Flexible Spending Accounts - FSA
Employer sponsored Flexible Spending Accounts (FSAs) allow employees to set aside a portion of their earnings on a pre-tax basis to pay for qualified medical and/or dependent care expenses.Health FSA
The most common type of FSA is used to pay for medical expenses not covered by insurance; this usually means deductibles, copayments, and coinsurance for the employee's health plan, but may also include other expenses not covered by the health plan such as dental and vision expenses.A Health FSA cannot pay for health insurance premiums, cosmetic items, cosmetic surgery, controlled substances, or items that improve "general health". All items must be intended to treat or prevent a specific medical condition; this can be as significant as diabetes or pregnancy, or as trivial as skin cuts. Generally, allowable items are the same as those allowable for the medical tax deduction, as outlined in IRS publication 502.
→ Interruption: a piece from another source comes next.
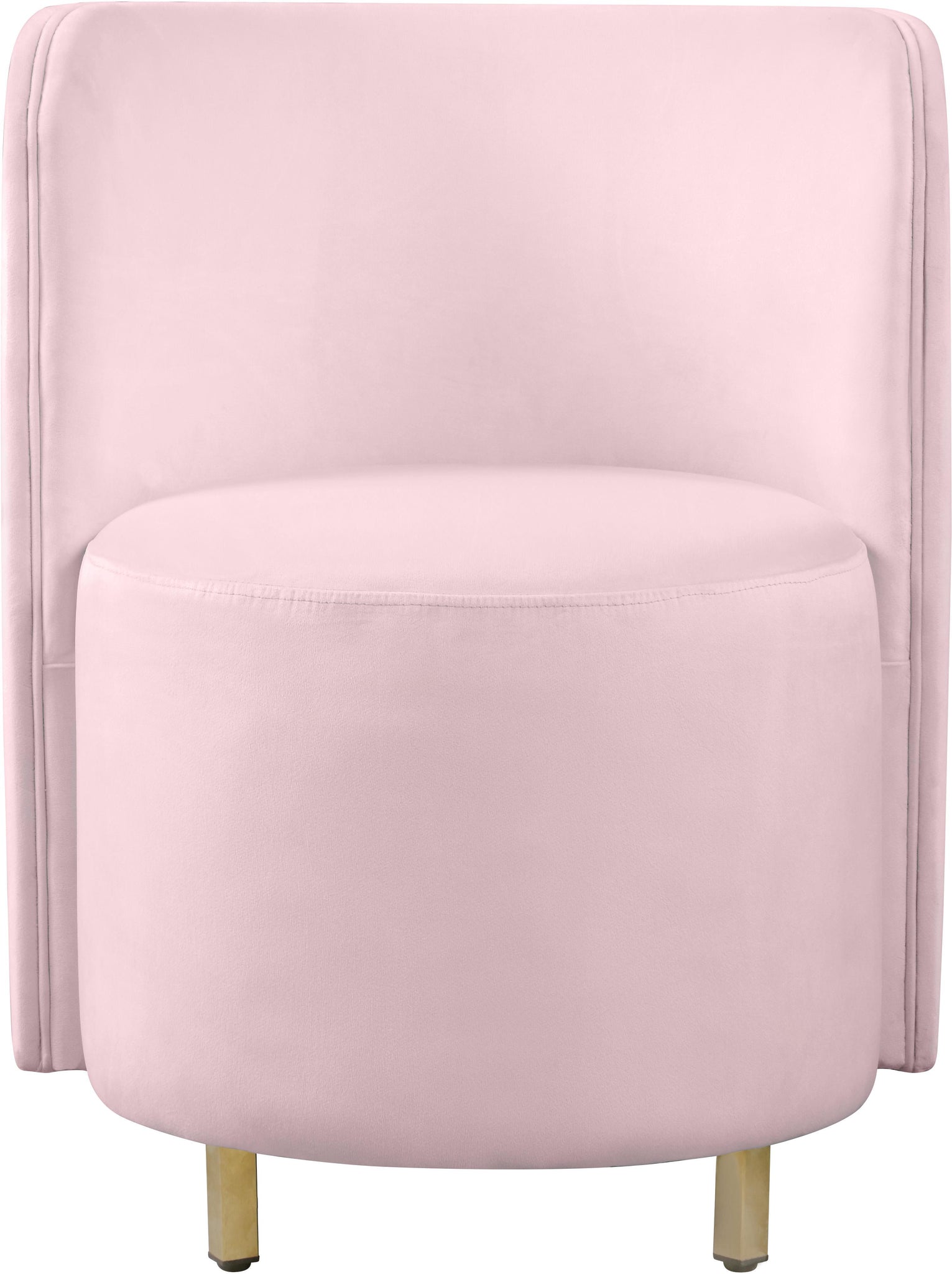 Create an envious look in your living room, parlor, bedroom or boudoir with this Rotunda velvet chair. This svelte little chair features a glamourous Hollywood vibe with its floor-length back and barrel design. The soft pink velvet upholstery lends it an added upscale feel, and the gold metal legs round out its contemporary panache. A wooden frame makes the chair a sturdy addition to any room.

The employee’s annual election for the Health FSA is available for the employee and his/her family or eligible dependents at any time within the plan year after the employee has enrolled and become an active participant in the Plan. This is known as the Uniform Coverage Rule.
Dependent Care FSA
FSAs can also be established to pay for certain expenses to care for dependents that live with you while you are at work. While this most commonly means child care for dependent children up to age 13, it can also be used for adult day care for senior citizen dependents that live with you, such as parents. It cannot be used for summer camps (other than "day camps") or for long term care for parents that live elsewhere (such as in a nursing home).The dependent care FSA (Dependent Care Assistance Plan or DCAP) is federally capped at $5,000 per year. While either spouse can each elect to have this amount deducted from their paycheck and applied to expenses, at tax time all contributions in excess of $5,000 are taxed. Unmarried couples can each deduct and use $5,000 for their eligible dependents. Couples filing separately may each claim $2,500.
Unlike medical FSAs, dependent care FSAs have no Uniform Coverage provision; employees can only receive reimbursement as funds are deposited into the FSA. IRS requirements generally require employees to pay their child care expenses by other means, and be reimbursed via direct deposit or check from Dependent Care FSA funds each pay period, though employees can also use a Flex Debit Card to pay a child care provider if they accept debit or credit card payments.
If married, BOTH spouses must earn income in order to participate in a Dependent Care FSA. The only exception is if the non-earning spouse is disabled or a student. If one spouse earns less than $5,000 then the benefit is limited to whatever that spouse earned. Both spouses must be working at the time the care is provided in order for the expenses to be eligible.